Average Standard Deviation of HPS

The following table shows the average standard deviation of the hyperparameter configuration performances. Sorted on avg std and could indicate hyperparameter sensitivity of the models.

Model avg std
AI-Nordics/bert-large-swedish-cased 0.0132957
KBLab/megatron-bert-large-swedish-cased-165k 0.0185533
KB/bert-base-swedish-cased 0.018661
KBLab/megatron-bert-base-swedish-cased-600k 0.0346735
NbAiLab/nb-bert-base 0.0566626
xlm-roberta-base 0.0854263
KBLab/bert-base-swedish-cased-new 0.122608
xlm-roberta-large 0.324914

Average Mean Distance to Max Metric

The following table shows the average of the mean distances to the maximum achieved performance. I.e. for each task hyperparameter search, take the mean of the metric distances to the maximum hyperparameter configuration.

Model avg mean distance
KBLab/megatron-bert-large-swedish-cased-165k 0.0242377
AI-Nordics/bert-large-swedish-cased 0.0243757
KB/bert-base-swedish-cased 0.0294655
KBLab/megatron-bert-base-swedish-cased-600k 0.0472022
NbAiLab/nb-bert-base 0.0486684
xlm-roberta-base 0.0871857
KBLab/bert-base-swedish-cased-new 0.122801
xlm-roberta-large 0.35873

Notes / Deviations

SweFAQ Non-transformer baselines

The random baseline takes random values from the range of all seen labels, not the current number of possible answers.

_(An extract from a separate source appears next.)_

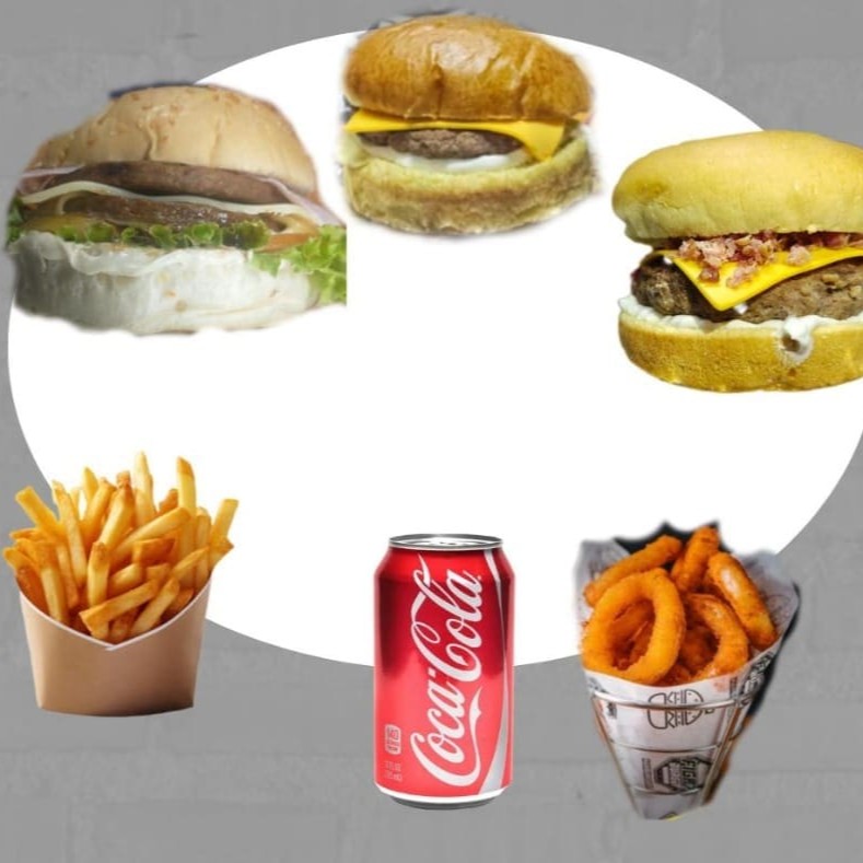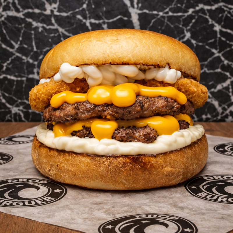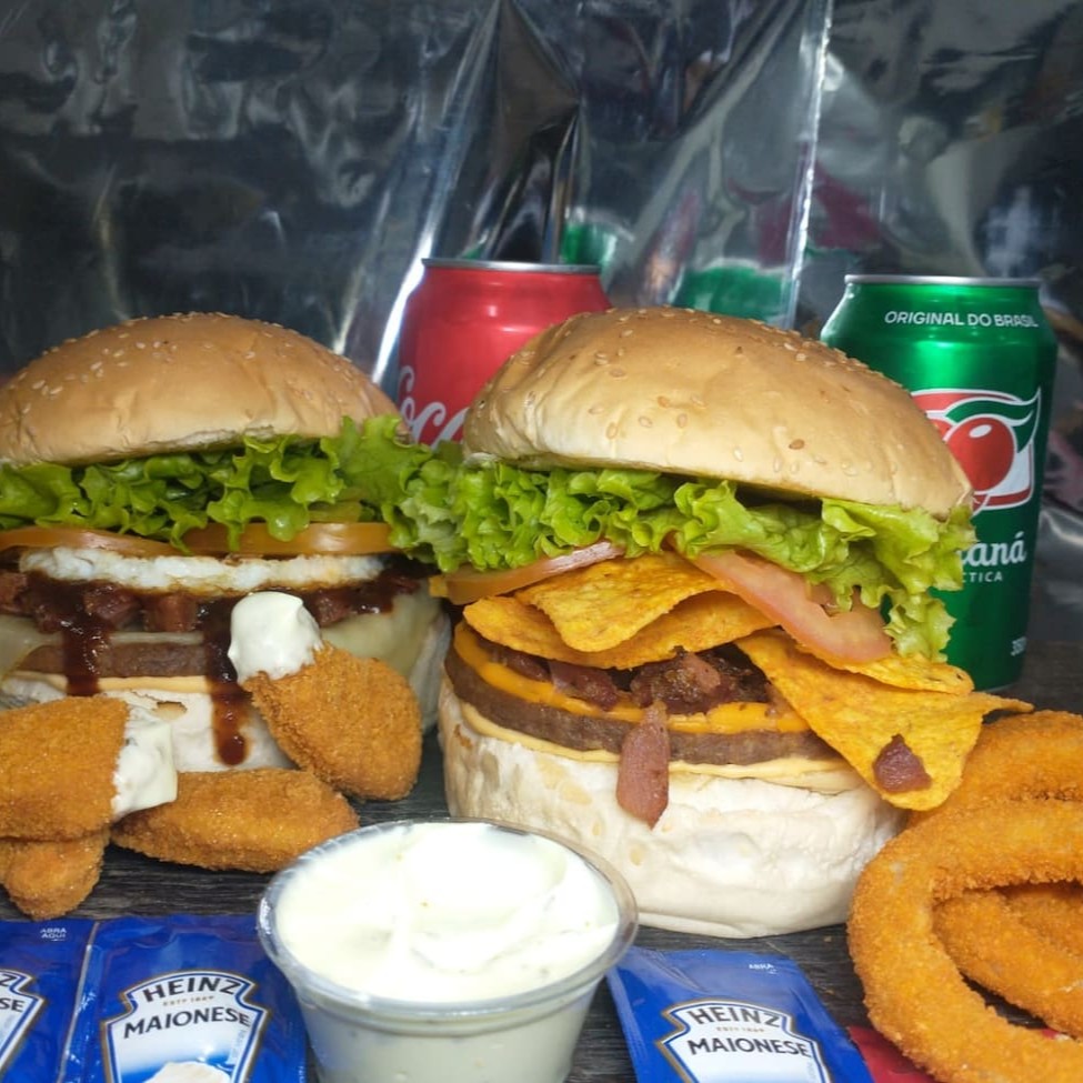 PÃO BRIOCHE CHAPEADO, 2 CARNES ARTESANAL, MOLHO DEFUMADO, CHEDDAR CREME, CEBOLA EMPANADA, CATUPIRY PARA FINALIZAR.

Traditional ML baselines take a random answer from the candidates that the models independently predict as a correct answer.

SweMNLI Traditional ML baselines

For these traditional ML baselines, only 5% (20,000 samples) of the training set is used for training. This did not seem to have a noticeable effect on the end performance, and the motivation for this was to reduce the training time.